The article goes on to describe a successful treatment for gout using Antiscorbutic Drops that also appeared in the 1788 London edition of chemist Francis Spilsbury’s Free Observations on the Scurvy, Gout, Diet, and Remedy (p. 22). Both items promote the use of chemical remedies, and the cancer treatment with which the entry begins is noteworthy for its use of the extremely toxic mercury chloride, a chemical compound that stands in notable contrast to the dock root and pokeweed root recommended by physicians Almon and Paine. The EMMR cancer remedies can thus be seen to replicate some of the tensions and contradictions of an eighteenth-century medical milieu in which the knowledge of English physicians was so often pitted over-against that of chemical and domestic healers. In this and other ways, the cancer remedies suggest that recipes are much more than the sum of their parts. In this case, the EMMR collection bears witness to the ongoing struggle of chemical medicine against the authority of learned physicians like Almon and Paine, whose recorded treatments sometimes relied on the work of herbal healers – especially natives and women – but whose knowledge the physicians often also disdained. Taken together, the EMMR cancer remedies suggest a migration of knowledge that did not simply reiterate the “how-to,” but encompassed many of the tensions and contradictions that are the hallmarks of early modern English medicine.
Works Cited
Almon, William James. Manuscript Notebook of Dr. William James Almon. Nova Scotia Archives. MG 1 / Microfilm Reel 10,045.

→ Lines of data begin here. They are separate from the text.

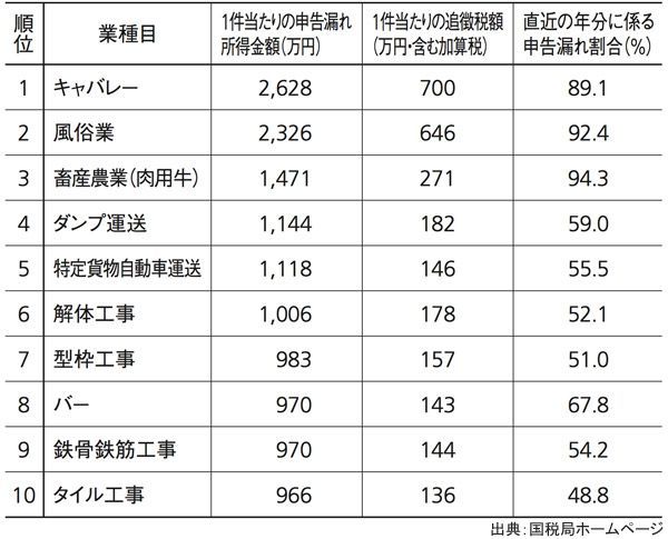 平成27年度・事業所得を有する者の1件当たりの申告漏れ所得金額が高額な上位10業種
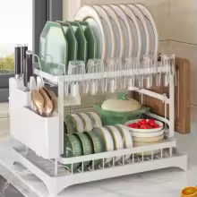 2-Tier Large Capacity: The double-layer design provides significantly more storage than single-tier racks, accommodating a large volume of plates, bowls, mugs, and other kitchenware.
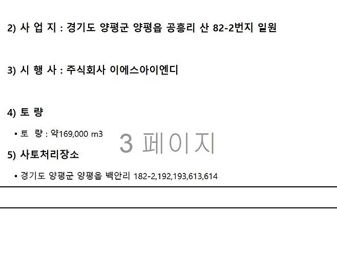 | ▲ 최은순씨 가족회사인 이에스아이엔디가 양평군에 제출한 '양평공흥지구 도시개발사업 공동주택 신축공사 토사반출계획서' 중 일부. 이에스아이엔디는 당초 사토처리장소로 백안리 192번지 외 4개 필지를 신고했다. |
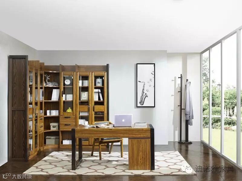 宽敞明亮的书房,乌金木的色泽给人一种特别的视觉体验,该款书柜外观明朗而圆润,厚重大方且秀丽时尚;分层的合理设计与开放式设计与书的高度做了适当的调整,也突显整个书柜的储存功能。
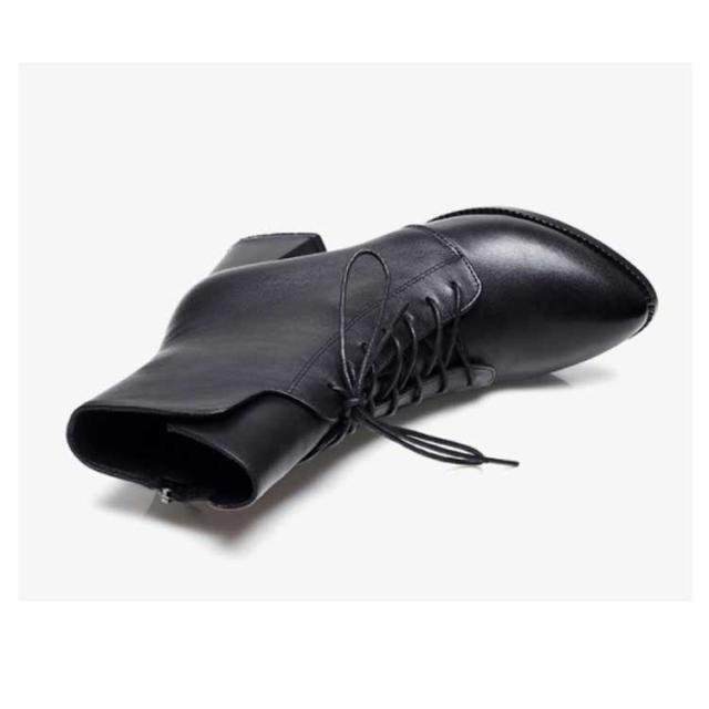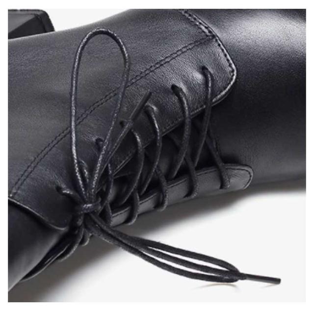 | とがったつま先デザインでスタイリッシュな印象のレースアップブーツ。 つま先がポインテッドの形を使用し、足元を華奢にキレイに見せます。 ブーツ丈も長すぎずに合わせやすく、存在感のある絶妙なシルエットを制作。 裏起毛素材を使用しているので暖かくさせてくれるのも魅力です。(裏起毛なしタイプもあり) レースアップタイプなので自分好みのホールド感に調節でき、内側にはサイドファスナー付きで脱ぎ履きも簡単。 デイリーからオフィスまで、さまざまなシーンで活躍します。 | |
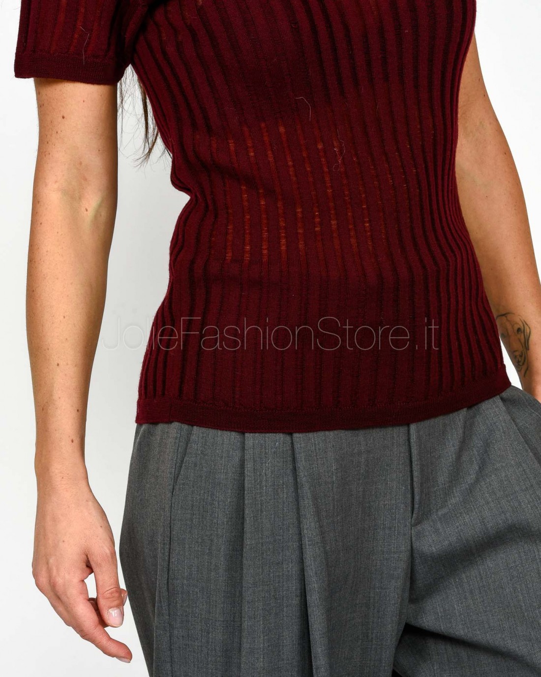 Grifoni Maglia a Costine Maniche Corte Bordeaux
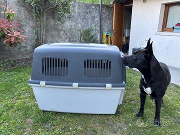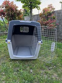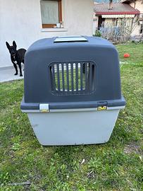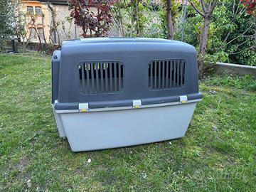 Vendo trasportino per cani di medie e grandi dimensioni. Si trova in ottimo stato ed ha una maniglia per facilitare la presa e due scomparti per ciotola acqua e altri accessori. Misure 98x77x64.
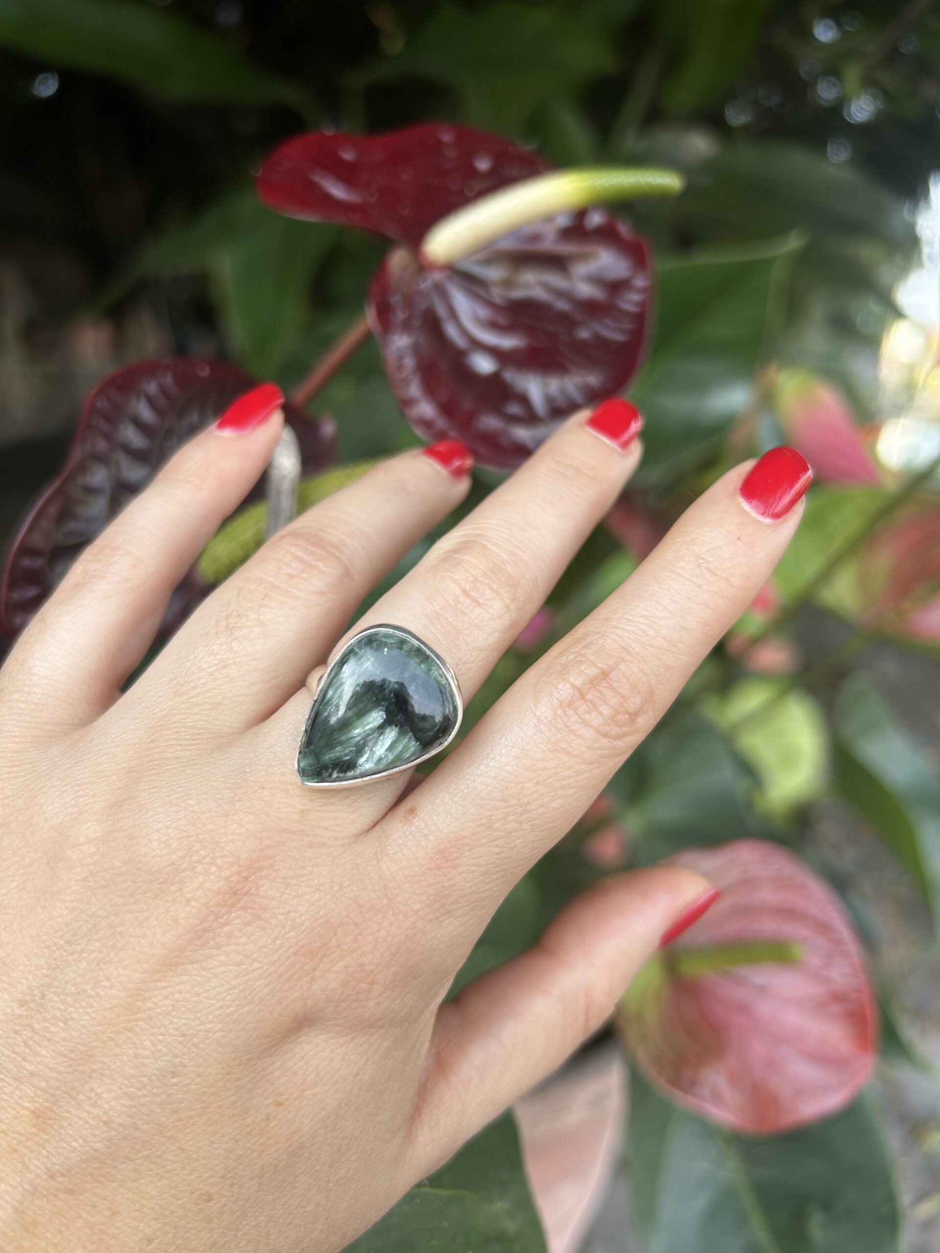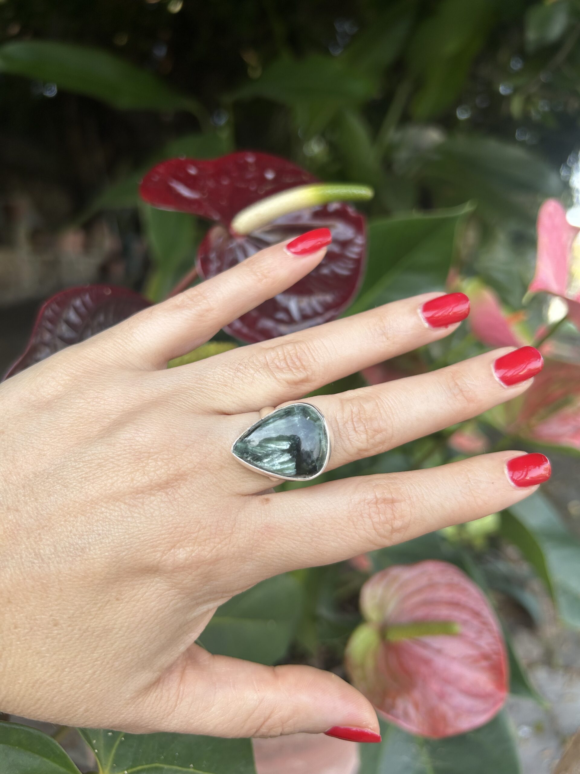 Anillo Serafinita, de plata925, ajustable en medida
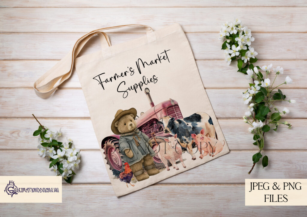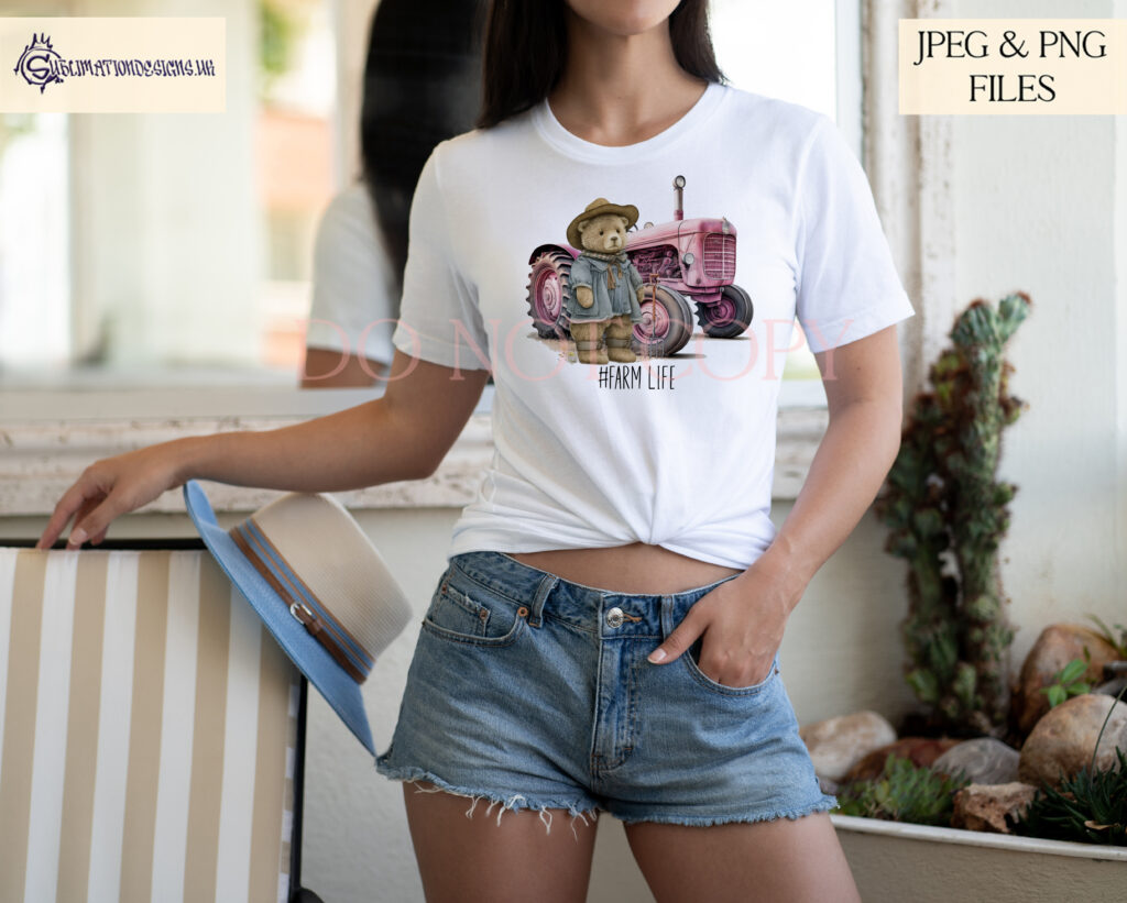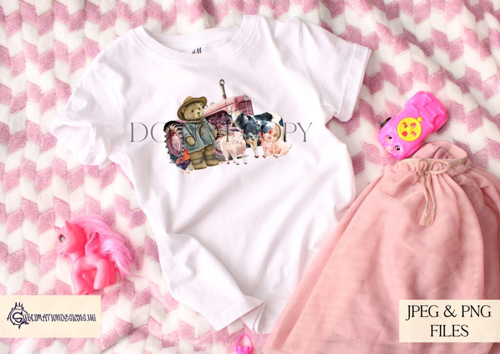 1 Freya Bear Design with a tractor, and farm animals in JPEG and PNG Files.

Mitich, Larry W. “Common Pokeweed.” Weed Technology, vol. 8, no. 4, 1994, pp. 887-890.
Nova Scotia Calender, or an Almanack […] by Metonicus, 1789. Nova Scotia Archives. AK.AY.N85M
Paine, William. William Paine Papers. University of New Brunswick Loyalist Collection. MIC-Loyalist FC LFR.P3W5P3.
Richardson, Josiah. The New England farrier, and Family physician. Exeter: J. Richardson, 1828.
Spilsbury, Francis. Free Observations on the Scurvy, Gout, Diet, and Remedy. London, 1788.
The Monthly Review, Or Literary Journal, vol. 78. London, 1788.